Marcas Online

¿Puedo utilizar la marca de un tercero como hashtag #?

Usar la marca de un tercero puede constituir o no una infracción de marca.

El uso de las marcas de otros no es un tema nuevo. A bote pronto podemos pensar, por ejemplo, en la publicidad comparativa, publicidad a la que pocos anunciantes se atreven pero que es perfectamente lícita siempre que se cumplan unos requisitos mínimos… Un claro uso “lícito” de la marca de un tercero… Cito tu marca para decir que la mía es mejor.

Y no es el único caso. 

Usar una marca de la competencia siempre suscita “recelo”. Uno de los casos más polémicos es la utilización de la marca de un competidor como palabra clave en un buscador de Internet (los famosos “AdWords” en el caso de Google). Una práctica extendida, permitida pero que sólo en algunos casos puede constituir infracción. Las sentencias más recientes, en la línea de lo que en su día apuntó el Tribunal de Justicia de la Unión Europea en el conocido caso Interflora vs. Marks & Spencer insisten en que la regla general es el uso lícito pero sólo en los casos en los que exista confusión en cuanto al origen empresarial, podríamos afirmar que existe infracción de marca. Un tema sobre el que hemos hablado en otras ocasiones y que a los anunciantes les suele resultar bastante incómodo: ¿por qué alguien puede utilizar mi marca para anunciar su propia empresa, sus productos o sus servicios? ¿Acaso no se está aprovechando? La polémica sigue estando servida. 

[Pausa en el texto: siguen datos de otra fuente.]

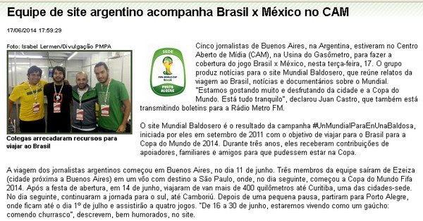 – El hecho de estar dando vueltas por Brasil llamó la atención de varios medios locales, especialmente cuando nos veían con una pantera rosa. Eso motivó algunas notas, como esta de Porto Alegre que linkeamos acá. Qué bien que falamos portugués (?).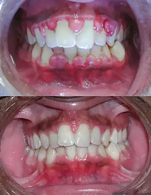 | Severe gingivitis before (top) and after (bottom) a thorough mechanical debridement of the teeth and adjacent gum tissues | |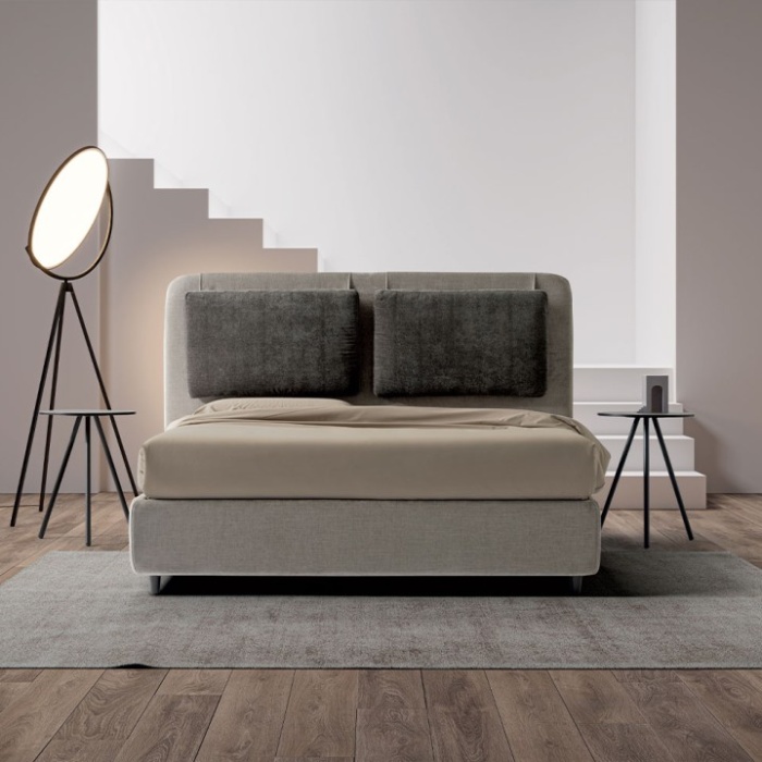 La sua testata imbottita è arricchita da due cuscini indipendenti, pensati per offrire un sostegno personalizzato durante la lettura o i momenti di relax.

¿Y si necesitamos citar la marca de un tercero para ofertar nuestros propios productos o servicios porque tienen alguna relación con ella ? Esta situación ya está contemplada en la Ley de Marcas y en particular en el artículo 37 que regula los llamados usos lícitos de una marca.

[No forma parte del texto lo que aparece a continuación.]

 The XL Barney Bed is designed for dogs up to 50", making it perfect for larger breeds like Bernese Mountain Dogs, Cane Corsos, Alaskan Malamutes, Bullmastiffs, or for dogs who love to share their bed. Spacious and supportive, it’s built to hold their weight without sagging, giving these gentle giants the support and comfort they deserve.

 El artículo en cuestión dice así:

El derecho conferido por la marca no permitirá a su titular prohibir a terceros el uso en el tráfico económico, siempre que ese uso se haga conforme a las prácticas leales en materia industrial o comercial:

a) De su nombre y de su dirección;

b) De indicaciones relativas a la especie, calidad, cantidad, destino, valor, procedencia geográfica, época de obtención del producto o de prestación del servicio u otras características de éstos;

c) De la marca, cuando sea necesaria para indicar el destino de un producto o de un servicio, en particular como accesorios o recambios.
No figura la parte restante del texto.